2. **High-frequency aliasing** caused by compressive encoding onto a coarse latent grid. Mosaic operates at native resolution via block-sparse attention before any coarsening, eliminating the compress-first bottleneck.
The block-sparse attention captures long-range dependencies at **linear** cost by sharing keys and values across spatially adjacent queries arranged on the HEALPix mesh. Each query block jointly selects which key blocks to attend to.
## Published Variants
This repository ships **two trained variants**, distinguished primarily by the data they were tuned on. They share the same Mosaic architecture and 82-channel variable set, but differ in training data, time cadence, history length, and normalization statistics.
| Variant | Training data | Native step | Input history | k-neighbours | Suggested input zarr |
|---------|---------------|-------------|---------------|---------------|---------------------|
| `era5` | ERA5 reanalysis only | 24 h | 2 states (48 h) | 24 | WB2 ERA5 1.5° |
| `hres` | ERA5 pretrain + HRES finetune | 6 h | 4 states (24 h) | 20 | WB2 HRES-fc0 1.5° |
Choose `era5` when initializing from reanalysis (matches the training distribution); choose `hres` when initializing from HRES analysis or a similar operational state.
## Architecture
**Inputs.** 82 atmospheric channels at 1.5° equiangular resolution (240 lon × 121 lat = 29 040 points) plus 3 static channels and sinusoidal day/year time encodings.
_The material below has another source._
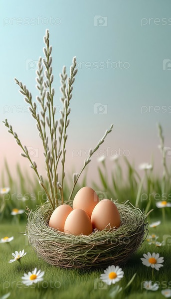 Естественное пасхальное гнездо с яйцами и салютой Минималист

**Backbone.** A U-Net of transformer blocks over the HEALPix mesh, where spatial neighbours occupy contiguous memory and queries can be grouped into hardware-aligned blocks:
| Stage | Nside | Hidden dim | Heads | Enc / Dec depth |
|------------|------:|----------:|------:|----------------:|
| Stage 1 | 64 | 768 | 12 | 4 / 2 |
| Stage 2 | 32 | 1024 | 16 | 4 / 2 |
| Bottleneck | 16 | 1280 | 20 | 2 |
Grouped-Query Attention with ratio 4 (3 KV heads per stage), 2D RoPE on (longitude, latitude), and additive noise injection in SwiGLU gates for ensemble generation. ~214M parameters total.
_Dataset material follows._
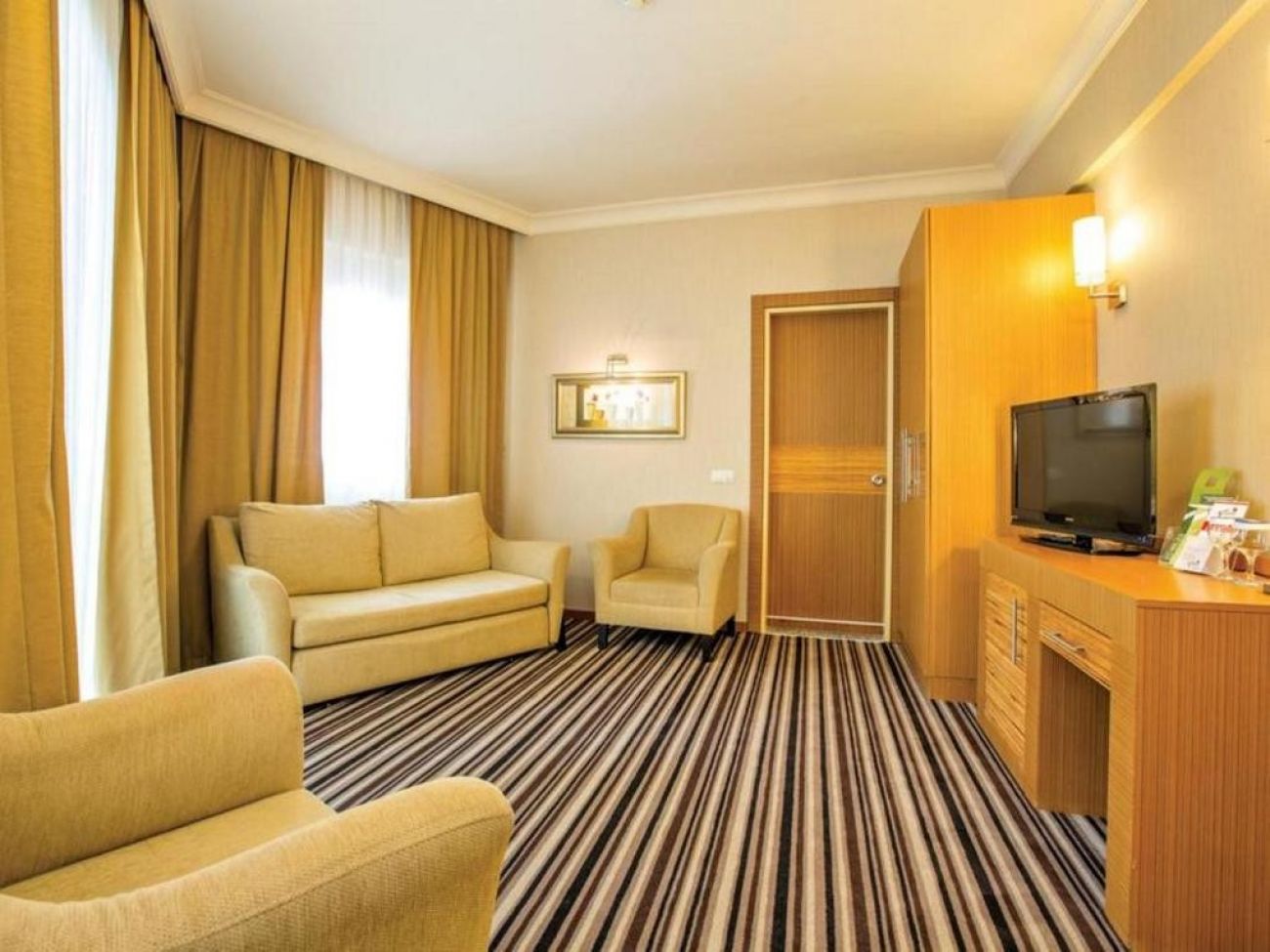 - Стандартна стая (35 кв.м) - разполагат с 1 двойно или 2 единични легла + диван. Максимално настаняване 2 възрастни с 2 деца или 3 възрастни.

**Block-sparse attention.** Three branches combined by learned gates: (i) **compression** — block-to-block coarse attention captures broad synoptic patterns at $\mathcal{O}(N^2/b^2)$; (ii) **selection** — each query block top-k-selects fine-scale key blocks at $\mathcal{O}(Nnb)$; (iii) **local** — full attention inside each block at $\mathcal{O}(Nb)$. Spatially close points occupy contiguous memory on the HEALPix mesh, enabling coalesced GPU reads and hardware-aligned block computation. Implemented as a single Triton kernel; in practice up to **61.8× faster than dense attention** and **9.4× faster than NSA**.
### Variables (82 channels)
- **Surface (4):** `2m_temperature`, `10m_u_component_of_wind`, `10m_v_component_of_wind`, `mean_sea_level_pressure`
- **Pressure level (6 × 13 = 78):** `geopotential`, `specific_humidity`, `temperature`, `u_component_of_wind`, `v_component_of_wind`, `vertical_velocity` at levels [50, 100, 150, 200, 250, 300, 400, 500, 600, 700, 850, 925, 1000] hPa
- **Static (3, conditioning only — not in output):** `geopotential_at_surface`, `land_sea_mask`, `soil_type`
## Results
Headline plot is at the top of this page: individual ensemble members preserve realistic kinetic-energy spectra (left, 1.5°; centre, 0.25°), and Mosaic sits on the favourable end of the skill–speed–memory Pareto (right). All metrics computed at 240 h lead time, 720 initial conditions throughout the 2020 test year (1.5° benchmark) and a single 6 h forecast (0.25° benchmark).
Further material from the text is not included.